> _Work to be completed_: For the data below, retype word for word the lines from the one containing "1. 扫码进入慕尼黑上海光博" through the one containing "清华大学的蔡杰博士做了题为《"; drop the pictures.

> _Data listing_:
*** Begin section ***
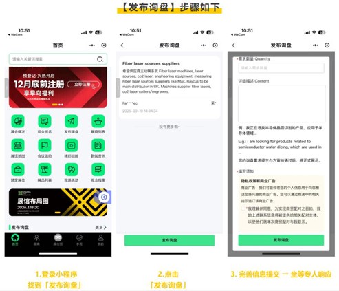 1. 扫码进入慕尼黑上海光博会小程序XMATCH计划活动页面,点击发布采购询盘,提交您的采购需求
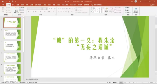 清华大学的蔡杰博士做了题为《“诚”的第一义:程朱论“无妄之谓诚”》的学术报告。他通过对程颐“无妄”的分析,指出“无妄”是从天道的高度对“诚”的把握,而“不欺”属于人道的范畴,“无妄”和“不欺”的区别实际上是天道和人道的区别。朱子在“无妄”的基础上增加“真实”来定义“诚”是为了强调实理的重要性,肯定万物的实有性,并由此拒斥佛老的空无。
*** End section ***
*** Begin section ***
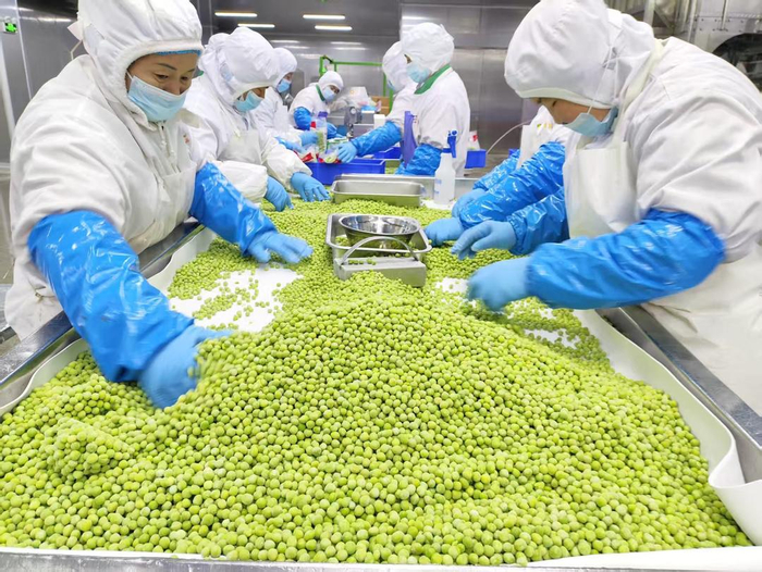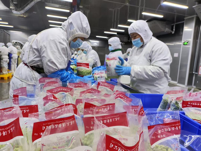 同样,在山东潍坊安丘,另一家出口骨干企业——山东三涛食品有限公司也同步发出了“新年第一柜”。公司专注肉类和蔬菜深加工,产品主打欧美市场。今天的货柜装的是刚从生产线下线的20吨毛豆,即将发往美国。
*** End section ***
*** Begin section ***
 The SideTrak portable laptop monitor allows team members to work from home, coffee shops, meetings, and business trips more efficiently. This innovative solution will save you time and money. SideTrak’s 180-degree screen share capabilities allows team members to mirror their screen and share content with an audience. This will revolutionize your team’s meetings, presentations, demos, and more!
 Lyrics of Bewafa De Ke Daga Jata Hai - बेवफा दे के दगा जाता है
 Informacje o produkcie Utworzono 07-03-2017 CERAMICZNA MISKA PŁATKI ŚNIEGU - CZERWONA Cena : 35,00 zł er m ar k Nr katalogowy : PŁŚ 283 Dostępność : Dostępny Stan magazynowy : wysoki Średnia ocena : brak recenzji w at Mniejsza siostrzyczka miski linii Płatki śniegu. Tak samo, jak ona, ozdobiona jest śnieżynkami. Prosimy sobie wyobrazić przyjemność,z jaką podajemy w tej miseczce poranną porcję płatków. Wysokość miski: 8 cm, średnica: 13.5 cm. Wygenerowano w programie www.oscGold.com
*** End section ***
> _Result_:
 1. 扫码进入慕尼黑上海光博会小程序XMATCH计划活动页面,点击发布采购询盘,提交您的采购需求
 清华大学的蔡杰博士做了题为《“诚”的第一义:程朱论“无妄之谓诚”》的学术报告。他通过对程颐“无妄”的分析,指出“无妄”是从天道的高度对“诚”的把握,而“不欺”属于人道的范畴,“无妄”和“不欺”的区别实际上是天道和人道的区别。朱子在“无妄”的基础上增加“真实”来定义“诚”是为了强调实理的重要性,肯定万物的实有性,并由此拒斥佛老的空无。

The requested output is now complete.